# male dwarfs ??



## ....zoe.... (Jul 8, 2009)

i have just placed one of my male dwarf hamsters back in with the other male that he was originally paired with, 

i placed them in a brand new netural cage that neither had ever been in before. placed lots of food in to keep them occupied and they were fine for 3 hours but now one of them is leaping at the other one every time it goes near him 

what can i do to try and reduce this, if i carries on i may take them apart and leave them seperate but i really dont want to do this. 

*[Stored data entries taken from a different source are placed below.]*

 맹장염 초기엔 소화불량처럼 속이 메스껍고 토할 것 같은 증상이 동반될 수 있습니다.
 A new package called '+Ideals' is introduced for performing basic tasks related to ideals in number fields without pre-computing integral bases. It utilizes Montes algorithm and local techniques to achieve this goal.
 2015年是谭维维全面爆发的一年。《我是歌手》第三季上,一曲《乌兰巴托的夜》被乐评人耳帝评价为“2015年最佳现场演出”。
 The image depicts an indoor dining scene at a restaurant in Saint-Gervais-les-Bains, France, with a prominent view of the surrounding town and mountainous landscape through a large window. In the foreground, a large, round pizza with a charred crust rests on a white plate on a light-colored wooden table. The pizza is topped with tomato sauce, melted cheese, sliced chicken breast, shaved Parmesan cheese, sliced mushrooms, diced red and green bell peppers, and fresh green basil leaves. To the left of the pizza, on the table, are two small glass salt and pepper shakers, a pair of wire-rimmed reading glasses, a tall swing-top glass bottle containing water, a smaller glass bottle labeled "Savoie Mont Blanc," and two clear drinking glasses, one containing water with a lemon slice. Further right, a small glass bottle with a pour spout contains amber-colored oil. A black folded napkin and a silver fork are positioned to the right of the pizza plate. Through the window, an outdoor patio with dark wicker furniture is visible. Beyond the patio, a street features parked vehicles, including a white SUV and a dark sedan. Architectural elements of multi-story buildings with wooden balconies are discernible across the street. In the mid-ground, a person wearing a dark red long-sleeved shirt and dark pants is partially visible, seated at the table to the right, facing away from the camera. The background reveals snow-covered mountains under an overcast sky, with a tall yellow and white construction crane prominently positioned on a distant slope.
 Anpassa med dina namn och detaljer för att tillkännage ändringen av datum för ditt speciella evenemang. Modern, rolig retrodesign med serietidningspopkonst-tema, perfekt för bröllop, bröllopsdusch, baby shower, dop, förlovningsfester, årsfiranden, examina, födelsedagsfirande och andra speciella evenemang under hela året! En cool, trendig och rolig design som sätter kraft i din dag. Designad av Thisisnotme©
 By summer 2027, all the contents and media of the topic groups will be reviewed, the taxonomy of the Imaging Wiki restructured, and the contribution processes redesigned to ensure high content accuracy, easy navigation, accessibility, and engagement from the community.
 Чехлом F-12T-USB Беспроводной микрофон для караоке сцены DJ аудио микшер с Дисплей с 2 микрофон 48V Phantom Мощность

they havent caused any injuries to eachother "yet" but im worrid one of them is going to end up hurt. 

please help 
thanks 
zoe


----------



## lau02 (May 24, 2009)

i would keep them seperate if i was you.


----------



## Jazzy (Apr 15, 2009)

Yes I agree I would definitely seperate them before there are serious injuries or a death. They can live just as happily alone. I have had chinese hamsters and robo's in groups and I've always ended up seperating them.


----------



## ....zoe.... (Jul 8, 2009)

after i posted the thread last night they were fine and cleaning each other for about an hour ! 

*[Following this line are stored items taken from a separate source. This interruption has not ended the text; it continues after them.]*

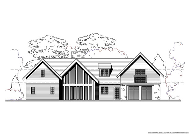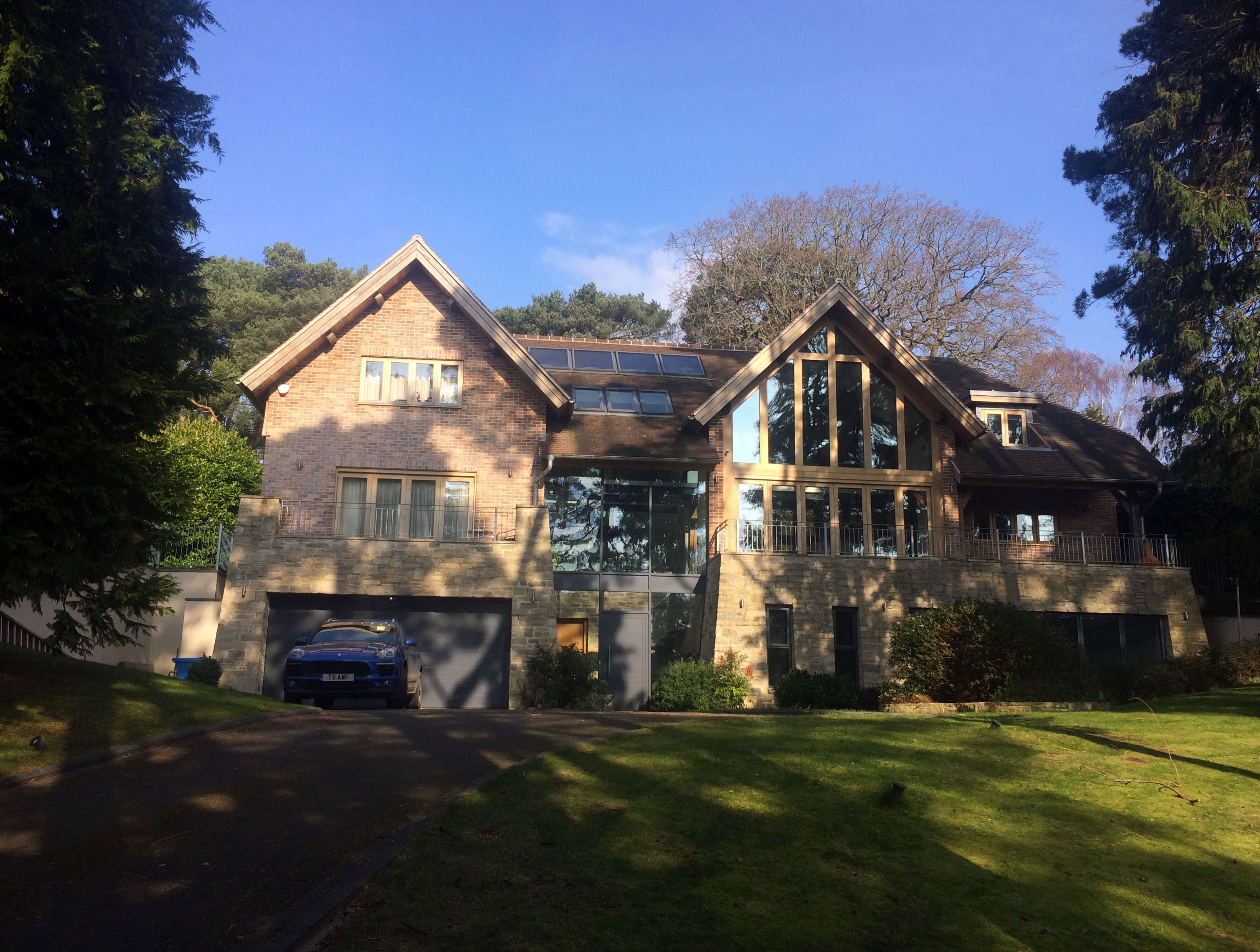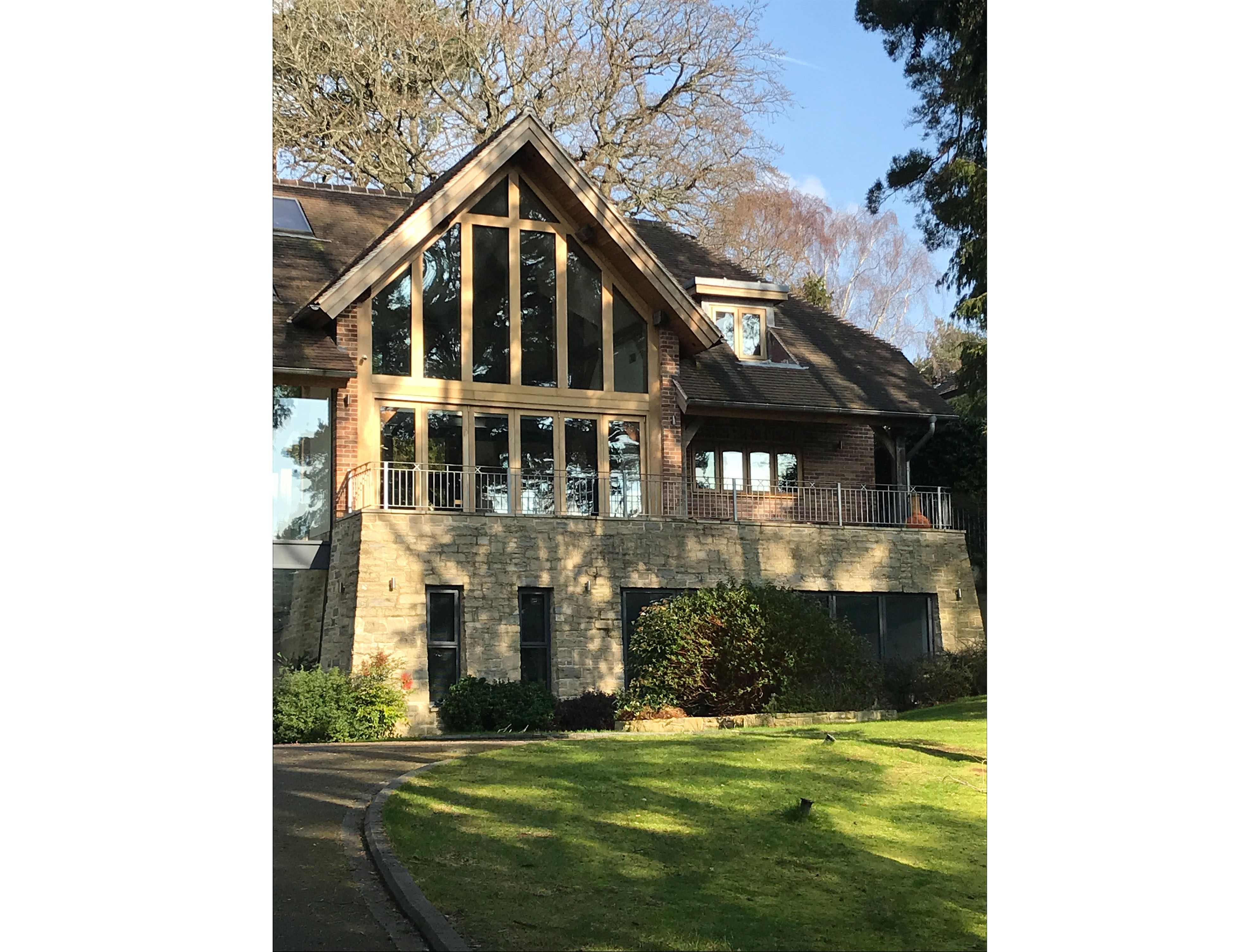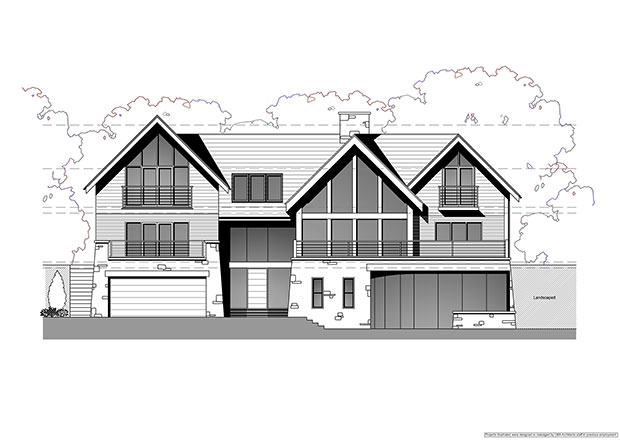 The design had to be considerate of its surroundings, not disrupting any of the existing foliage. Working closely with the client to develop the brief, we produced a scheme that worked well in achieving a large dwelling on a very tight site. Using natural, locally sourced materials, including stone and timber, the design sat well in its surroundings. Using these natural materials to break up the fenestration we managed to break up the mass of the building, helping provide depth and character to the elevations.
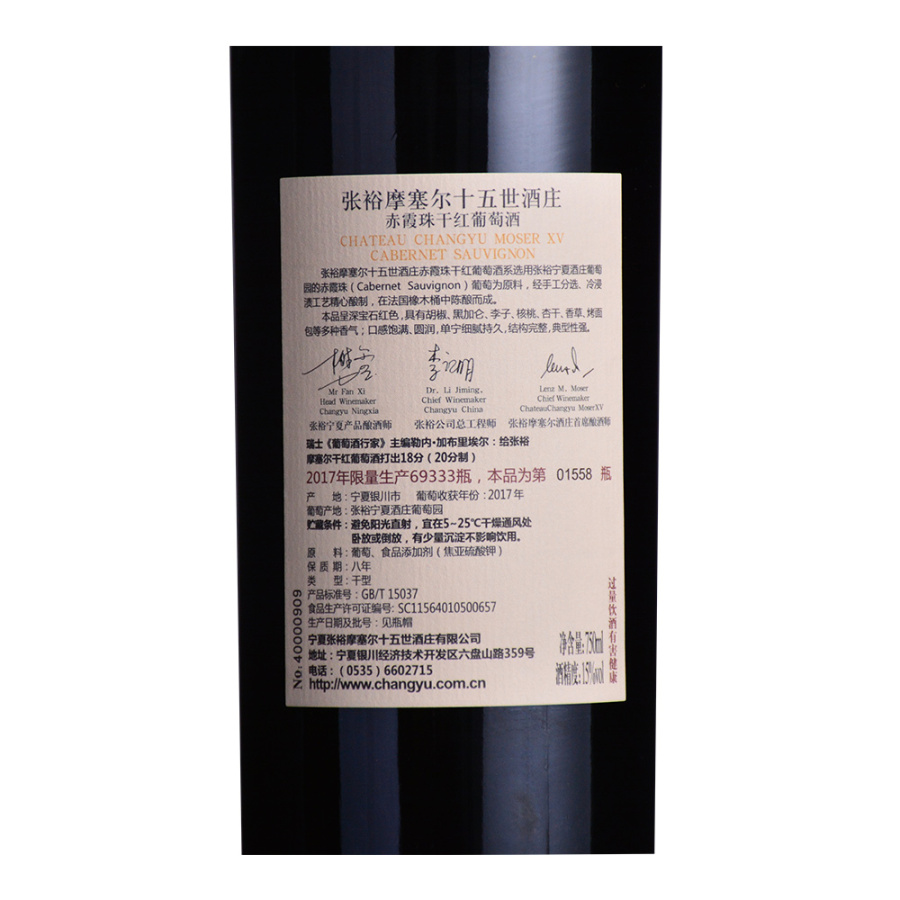 2017 Chateau Changyu Moser XV Cabernet Sauvignon, Ningxia, China
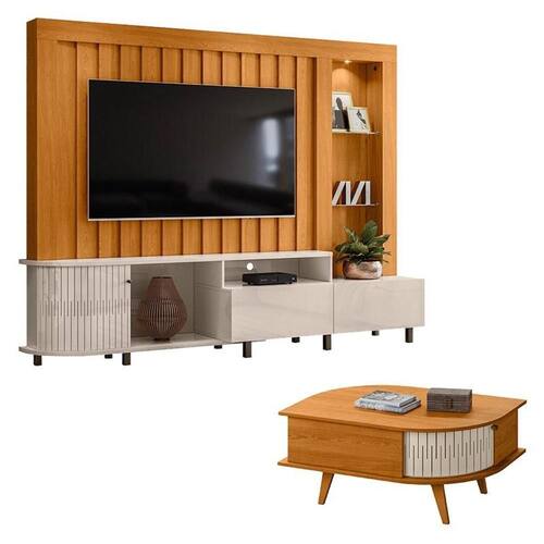 Estante Home Theater Le Mans com Mesa de Centro Indianápolis Cinamomo Off White – Madetec
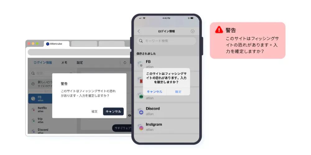 フィッシングサイト検出機能で、PasswordPocketはログインしたいURLを検知します。URLに疑問がある場合は即座に警告が表示され、誤って偽サイトへアクセスすることを防ぎます。
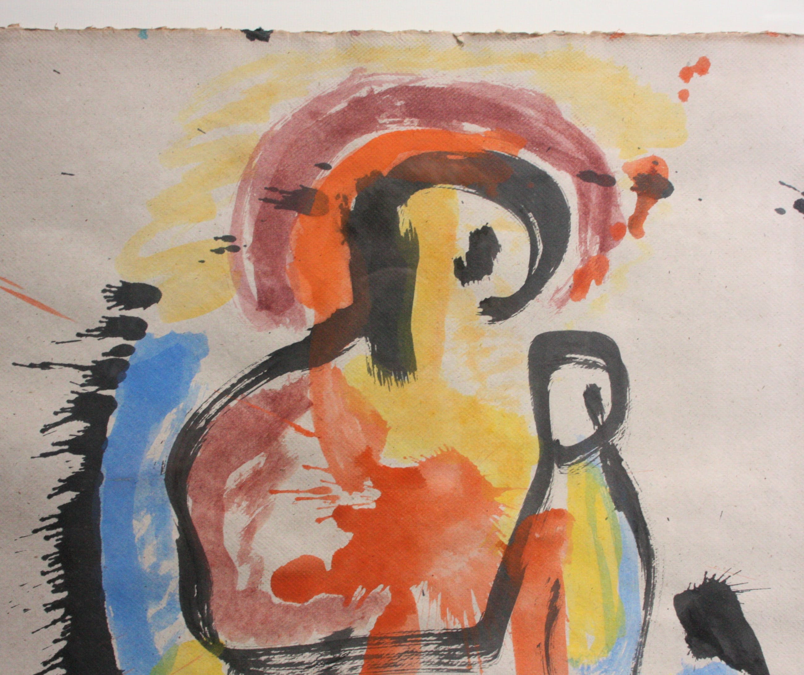 Dit werk is van de Nederlandse kunstenaar Anton Heyboer. Op het papier is in felle kleuren Maria afgebeeld met het kind op haar arm. Het werk is in goede staat, onderaan gesigneerd en ingelijst in passe-partout en achter glas.

but then something happened and they started to fight again so in the end i did seperate them, i did notice that it was only one of them that was causing the problem though (my cream one, which is bigger than the grey one) 
i felt really sorry for the grey one as he really seemed to be trying to please the cream one by grooming him 

bless hi oh well he wil be happier on his own rather than getting beaten up i guess 

thanks 
zoe x


----------



## Jazzy (Apr 15, 2009)

Or eaten..  

My sisters chinese hamster killed the other one and when she came down one morning she found him eating his friend.


----------



## thedogsmother (Aug 28, 2008)

I had two chinese hamsters as [email protected] advised me to get two. I never knew they can fight and obviously neither did they as they spent their 2 1/2 years together without as much as a cross squeak, then when one died the other also went within a week, I am sure it was pining for the other.

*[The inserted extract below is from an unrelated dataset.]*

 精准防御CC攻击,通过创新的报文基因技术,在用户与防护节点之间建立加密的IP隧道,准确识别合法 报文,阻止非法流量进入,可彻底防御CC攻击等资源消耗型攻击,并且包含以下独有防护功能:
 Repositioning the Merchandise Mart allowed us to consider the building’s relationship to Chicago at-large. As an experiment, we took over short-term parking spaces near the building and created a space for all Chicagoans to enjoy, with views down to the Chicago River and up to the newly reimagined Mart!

I do have my fingers firmly crossed for Spike, Cordelia and Willow being able to stay together, apparently Campbells are the dwarf species most likely to be able to stay together, but they also get scatter feeds, a food bowl each, a wheel each and a bed each (please, please, please don't fight girlies)


----------



## ....zoe.... (Jul 8, 2009)

awhhhh, most hamsters / gerbils will eat eachother. in the wild its what they do to protect themselves from predators as if a dead animal was in the burrow it would attract predators and the live animal may also get killed. 

also females will kill their young 


the dogs mother - i have my fingers crossed for you, i have winter white dwarfs (2 females 2gether, 1 pregnant female on her own as due next week, and then the 2 males that are now seperated) 

may try again 2morow or something (not sure yet) 
i really wish they could be happy with eachother


----------



## Marcia (Mar 10, 2009)

....zoe.... said:


> awhhhh, most hamsters / gerbils will eat eachother.


Gerbils will rarely eat eachother. Yes they will eat their pups if the pups are already dead or dying but most gerbils will bury their cage mates if dead


----------